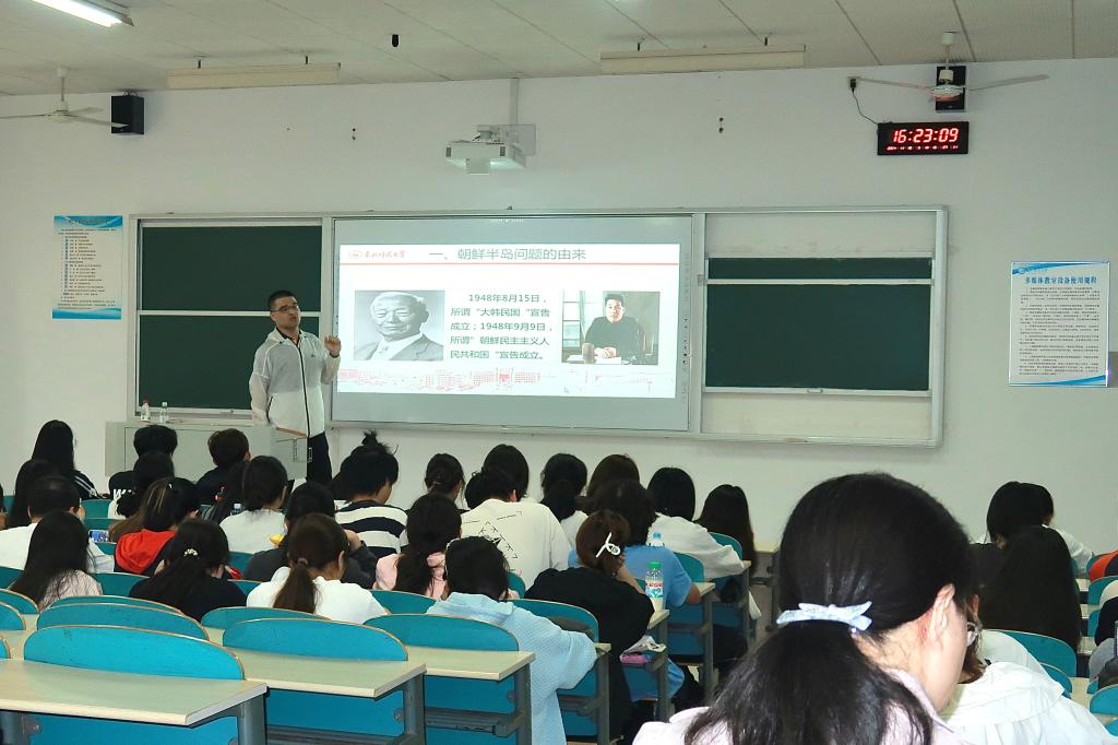 2024年11月15日下午16:00,马克思主义学院邀请东北师范大学马克思主义学院罗湘衡副教授走进《中国近现代史纲要》课堂,于综合教学楼B104教室主讲了题为《新中国的立国之战—抗美援朝战争》的通识教育讲座。罗湘衡副教授主要从事思想政治教育、政治学理论研究,是全国思政课展示竞赛一等奖获得者。
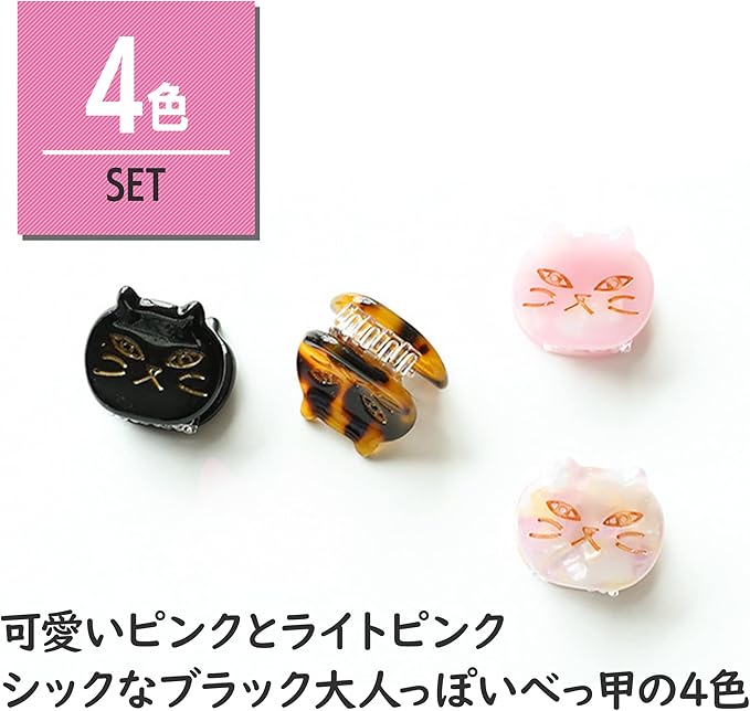 うれしい4色セット:可愛いピンクカラーやライトピンクカラー、シックなブラックカラー、大人っぽいべっ甲カラーの4色のヘアクリップが揃ったセット品をご用意しました。
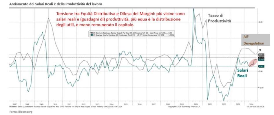 L’eccezionalismo americano sostiene gli utili delle aziende: le prospettive per bond e azioni Infine, c’è un altro fattore da considerare che contraddistingue l’eccezionalità della situazione americana: se il tasso di produttività, trainato dalle innovazioni tecnologiche e dall’intelligenza artificiale, continuerà a crescere a livelli elevati (siamo al 2%), possiamo considerare sostenibile l’attuale livello particolarmente alto di crescita dei salari (Figura 2). Pertanto, finchè la produttività si manterrà su questo tenore, le pressioni inflazionistiche dovrebbero rimanere sotto controllo. Una notizia positiva per gli investitori del mercato azionario.
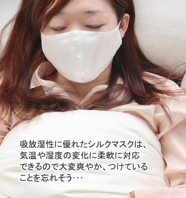 シルクは綿に比べて吸水性、吸湿性が1.5倍でより蒸れを感じにくい生地に仕上げています。さらに2枚のガーゼ間に空気層ができ、ほどよい保温性がありつつも、「生きた繊維」といわれるシルクは温度調整をしてくれます。保湿性に優れたシルクで寝ながらうるおいケア、朝起きるのが楽しみですね♪
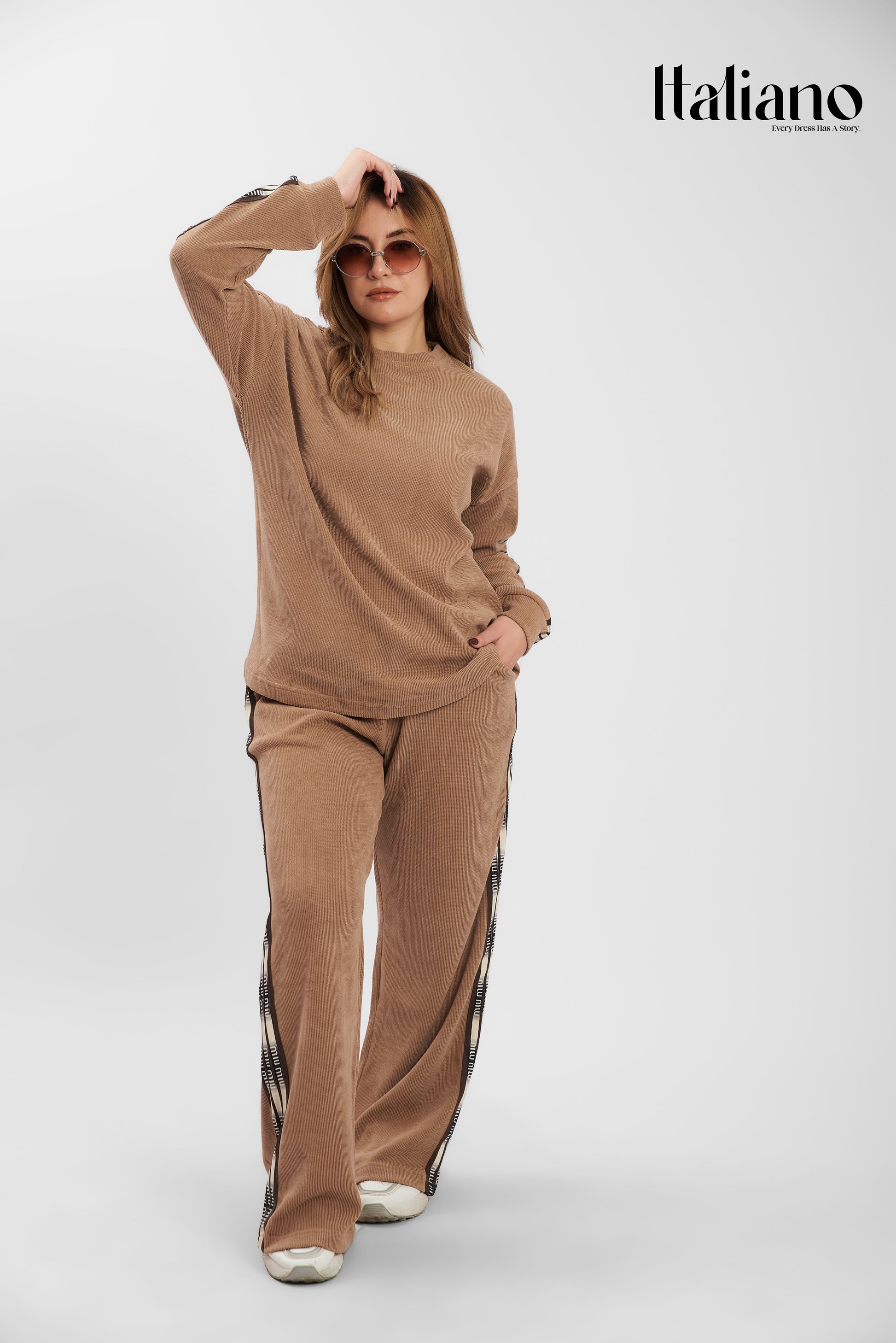 Step out in style with our Miu Miu Velvet Set, the perfect blend of luxury and casual vibes. This imported two-piece set is crafted from premium, high-quality velvet fabric that offers a soft touch and a rich look. Designed for the woman who wants to look effortlessly put-together while staying comfortable all day long.
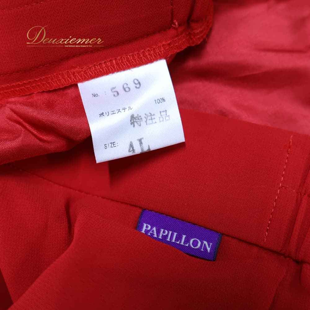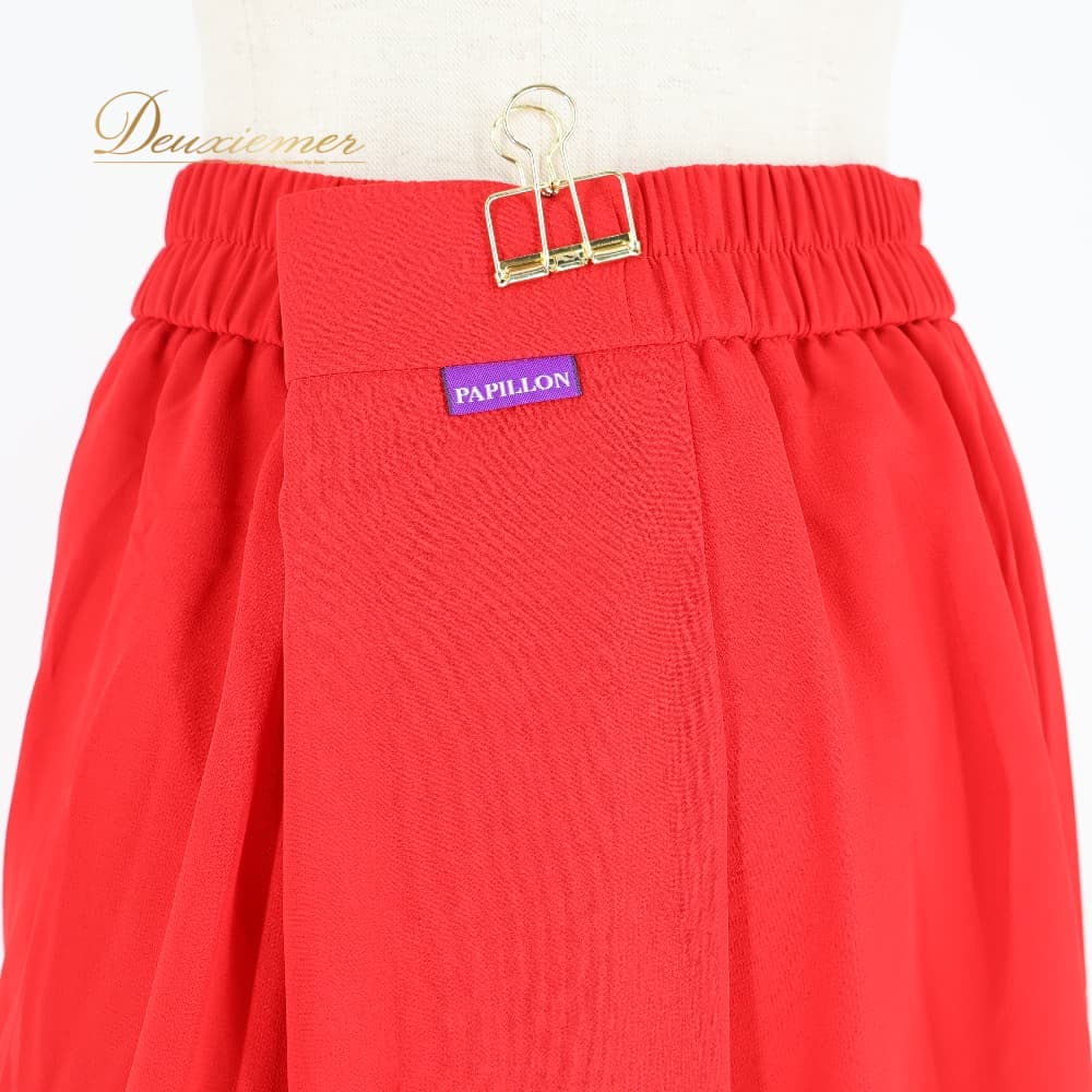 #Papillon #パピヨン #日本製 #レッド #鮮やかレッド #無地 #シンプルデザイン #エレガント #フォーマルコーデ #きれいめ #普段使い #背面ファスナー #ウエストゴム #伸縮性あり #4Lサイズ #大きいサイズ #ポリエステル100 #おしゃれ #スタイルアップ #ENUTSU
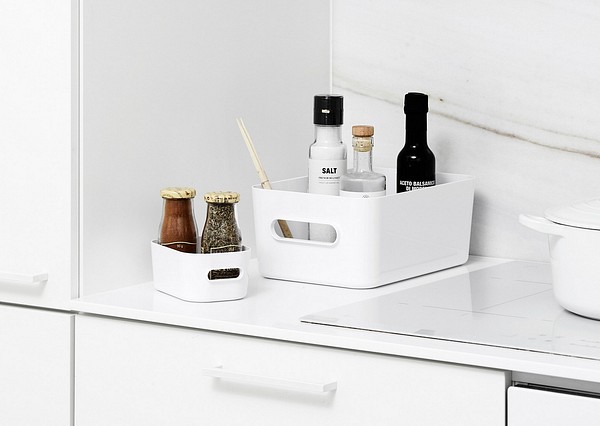 SmartStore™ Compact is a modern and multi-purpose storage solution for the home. The timeless and modular range is designed to work in cabinets and drawers, as well as on shelves and counter tops. The SmartStore™ Compact M is suitable for storing everything from dry food items, jars, oil and vinegar in the kitchen, to toiletries in the bathroom. All Compact-products are made from high-quality material that is easy to clean by hand-wash or in the dishwasher. The containers nest without lid, and stack with lid. The container is easy to lift and move thanks the handles. Lids are sold separately. Made in Finland, from food grade SAN plastic with 20% renewable content (allocated via ISCC mass balance approach). 10 years guarantee.
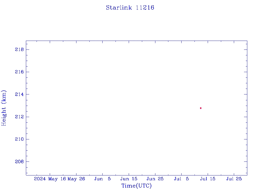 | Starlink 11216 | A11257 | F | 2024 Jul 12 | 2024 Jul 12 | 2024 Jul 12 |  |  |  |
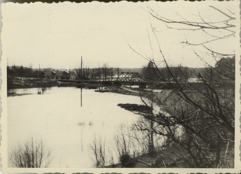 Tirzas upe pie Lejasciema pavasara plūdos. Tilts. Mājas
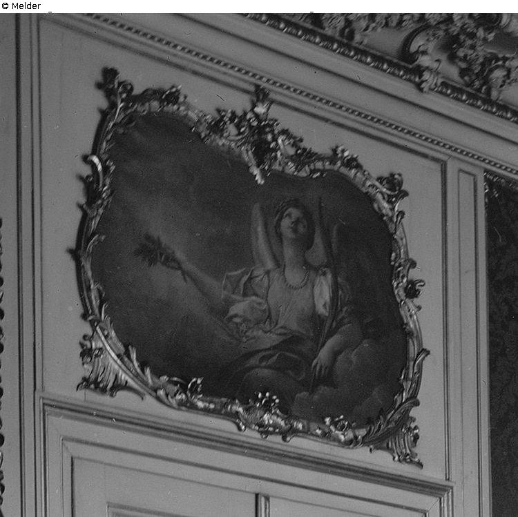 In inventory list no. 1 of 31 January 1920 as part of the settlement agreement between the Free State of Saxony and the former royal house of 1924; In the specifications for salvage on 27 December 1943, Prof. Fichtner's report to the Reich governor specified under point 6 the rRemoval of the overdoors. The removal of the four overdoors from the audience chamber with further 18 overdoor paintings and 12 overdoor frames to the relocation site at Brauna Castle on 12 June 1944 is on record; According to the records, they were lost at the relocation site.

◆ What to do: Return, exactly as they stand, the lines above from the one with "#Papillon #パピヨン #日本製" to the one with "Tirzas upe pie", omitting any pictures among them.

◆ Output for this exercise:
 #Papillon #パピヨン #日本製 #レッド #鮮やかレッド #無地 #シンプルデザイン #エレガント #フォーマルコーデ #きれいめ #普段使い #背面ファスナー #ウエストゴム #伸縮性あり #4Lサイズ #大きいサイズ #ポリエステル100 #おしゃれ #スタイルアップ #ENUTSU
 SmartStore™ Compact is a modern and multi-purpose storage solution for the home. The timeless and modular range is designed to work in cabinets and drawers, as well as on shelves and counter tops. The SmartStore™ Compact M is suitable for storing everything from dry food items, jars, oil and vinegar in the kitchen, to toiletries in the bathroom. All Compact-products are made from high-quality material that is easy to clean by hand-wash or in the dishwasher. The containers nest without lid, and stack with lid. The container is easy to lift and move thanks the handles. Lids are sold separately. Made in Finland, from food grade SAN plastic with 20% renewable content (allocated via ISCC mass balance approach). 10 years guarantee.
 | Starlink 11216 | A11257 | F | 2024 Jul 12 | 2024 Jul 12 | 2024 Jul 12 |  |  |  |
 Tirzas upe pie Lejasciema pavasara plūdos. Tilts. Mājas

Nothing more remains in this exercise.